Nos ancêtres ont connu la « ligne bleue des Vosges »… qu’il fallut dépasser au prix du sang. Aujourd’hui, Vladimir Poutine met en garde ses rivaux étrangers de ne pas « franchir de ligne rouge » avec la Russie. Ce n’est pas un relent de bolchevisme rouge mais un avertissement loyal et un appel à leur bon sens.
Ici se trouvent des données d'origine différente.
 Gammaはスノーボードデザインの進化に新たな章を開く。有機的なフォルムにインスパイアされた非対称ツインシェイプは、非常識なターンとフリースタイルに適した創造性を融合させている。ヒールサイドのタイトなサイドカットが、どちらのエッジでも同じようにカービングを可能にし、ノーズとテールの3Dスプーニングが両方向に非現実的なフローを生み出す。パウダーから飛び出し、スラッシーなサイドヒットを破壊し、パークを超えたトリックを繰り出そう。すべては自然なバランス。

Mais en ont-ils ?

Et le président russe de souligner, mercredi dernier, dans son discours à la nation, que « nous nous comportons dans l'ensemble avec retenue et de manière modeste, souvent ne répondant même pas aux actions inamicales voire même à des grossièretés flagrantes », avec sans doute une pensée pour son nouvel homologue américain qui l’a traité, naguère, de « tueur » et pour les lilliputiens de l’Union européenne dont il attend encore, en bon Moscovite pratique, qu’ils lui donnent leur nombre de divisions blindées !
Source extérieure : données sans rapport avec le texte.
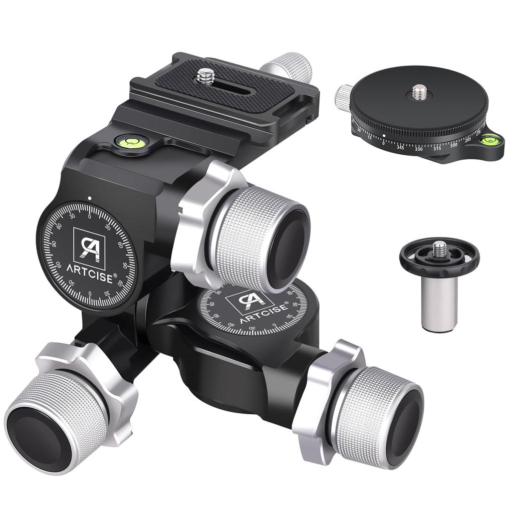 ARTCISE Geared Tripod Aluminum Fast Precision Quick Maximum Weight Capacity 6kg 3-Way Head, CNC-Made Alloy, Operation, Adjustment, 360° Panorama,

Les espaces mouvants qui fracturent le nouveau monde géostratégique n’ont rien de rassurant. Toujours poussés au piège de Thucydide par le jeu de go chinois conforme au vieux principe politique selon lequel « les ennemis de mes ennemis sont mes amis », les États-Unis semblent multiplier les erreurs par un aveuglement idéologique d’un autre temps : celui de la guerre froide (1945-1991). Brutalité diplomatique de l’administration Biden qui force la Russie à se rapprocher d’une Chine qui vient juste de se rallier l’Iran.

La rivalité actuelle des superpuissances n’est en rien celle du passé. Tout en regrettant que la Russie du début du XXIe siècle ne soit plus que l’ombre de l’Union soviétique – avec une économie à peu près équivalente à celle de l’Italie –, Poutine peut compter sur le combat sino-américain pour l’hégémonie mondiale pour peser dans la balance stratégique. Avec des atouts technologiques majeurs !
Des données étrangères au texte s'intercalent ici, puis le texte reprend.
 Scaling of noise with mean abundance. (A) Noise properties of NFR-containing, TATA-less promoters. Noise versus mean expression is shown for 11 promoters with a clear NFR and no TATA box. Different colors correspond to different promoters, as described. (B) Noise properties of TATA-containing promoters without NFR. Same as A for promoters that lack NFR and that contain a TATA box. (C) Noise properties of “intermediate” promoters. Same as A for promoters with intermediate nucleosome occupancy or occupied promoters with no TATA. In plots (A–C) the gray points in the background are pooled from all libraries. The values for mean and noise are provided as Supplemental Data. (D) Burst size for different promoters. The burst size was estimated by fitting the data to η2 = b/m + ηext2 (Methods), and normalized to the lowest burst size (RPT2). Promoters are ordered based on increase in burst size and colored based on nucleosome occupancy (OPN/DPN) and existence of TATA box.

La Russie mettrait au point des « armes de rupture » qui deviendraient vite imparables. Quèsaco ? La technologie dite de « rupture » est celle qui, par son innovation, condamne, à terme, les moyens antérieurs. En juin 2020, déjà, le Kremlin annonçait la mise en service opérationnelle du missile hypersonique Avangard, embarquant des ogives nucléaires, et prenait de court les autres puissances travaillant au même type de projet (États-Unis, Chine, Japon et France). Boris Laurent le présente comme « un planeur hypersonique dit à "glissement", capable de voler au-delà de Mach 20 » et pouvant, par sa vitesse, « percer les systèmes antimissiles adverses ».

Mais l’arme de rupture la plus terrifiante serait le Poséidon 2M39, une « super torpille » nucléaire de 24 mètres de long, mise en œuvre depuis le sous-marin K-329 Belgorod, 100 fois plus puissante que la bombe d’Hiroshima, capable d'engendrer des « tsunamis radioactifs » sur les côtes ennemies et, pour l’heure ,en phase de tests, selon CNN. Imaginons un instant un New York ou un Los Angeles dévastés après un raz de marée irradiant, à l’image de la ville morte du film The Omega Man (Le Survivant) ! De la fiction à la réalité…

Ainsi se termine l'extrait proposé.